= Alizeh Imtiaz =

Pakistani filmmaker

Alizeh Imtiaz (born 10 November 1986, in Karachi, Pakistan) is the a Pakistani filmmaker. She's the first Pakistani to have successfully had a debut short film screened at the London Filmmakers Convention. Her film, Shades of Black was screened at the convention in 2007. The short film won the award for Best Film at the London Filmmakers Convention and was also screened at the London Portobello Film Festival in August 2008. She is one of the youngest directors in Pakistan, and one of the very few to have gained international acclaim.

Imtiaz completed her BA in English and Film and TV Studies from Brunel University, London. She's currently serving as a trustee on the board of DSRA Schools for the underprivileged.

The short film, Shades of Black, was an experimental piece which focused on the journey of a prisoner released from Karachi Central Jail. Her style is very dependent on detail to music and photography.
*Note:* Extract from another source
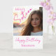 Celebra los dieciséis con estilo con esta elegante tarjeta de cumpleaños de Sweet Sixteen con foto. Con letras negritas en rosa "Sweet Sixteen" en el área de la foto y un "Feliz cumpleaños [Nombre]" personalizado debajo, esta tarjeta plegable es la manera perfecta de mostrar una instantánea favorita y enviar deseos sinceros. Ya sea glamorosa, divertida o totalmente espontánea, tu foto se convierte en la estrella del diseño, lo que hace que esta tarjeta sea un recuerdo que atesorarán. ¡Ideal para adolescentes que aman un poco de brillo y mucha personalidad!
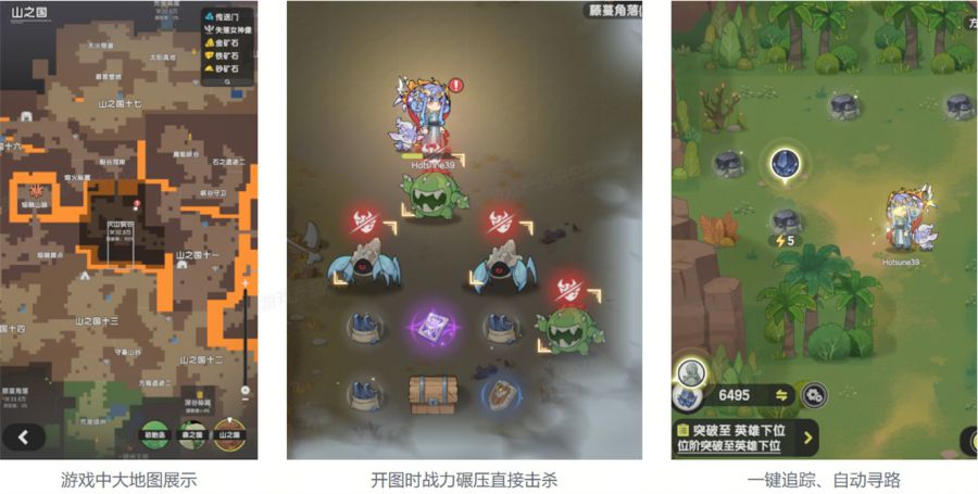 游戏中大地图承载了探索、剧情、收集等玩法,在一定程度上起到了丰富内容的作用。并且为减轻大部分玩家开图困难,游戏中还设置了一键追踪、战力碾压直接击杀、快捷解谜等便捷功能优化玩家体验。

The film, produced by Media Tech Films, for AAG TV, gained much attention after Alizeh appeared on one of Pakistan's most famous comedy talk show called 'Azfar Mani show'.

Her previous experience in direction include a high-profile celebrity based TV show called 'FLASH' for HUM TV channel in Pakistan which she directed before returning to complete her degree. Before her venture into direction, Alizeh Imtiaz had also been active in several theatre productions in Karachi; from acting to direction. Alizeh has attended several workshops to aid her acting talent, from the Royal Academy of Dramatic Art, London and has also been trained in acting by Rahat Kazmi, a famous Pakistani actor, director, teacher and theatric.

In 2010, when Pakistan was deeply affected by the flooding on the Indus River, Alizeh along with a team of people travelled across the Province of Sindh and rehabilitated flood affectees suffering from the devastation. CNN shared Alizeh's photographs of her trips, and in 2011 one of her photographs was among the top five in photojournalism iReport on the CNN website.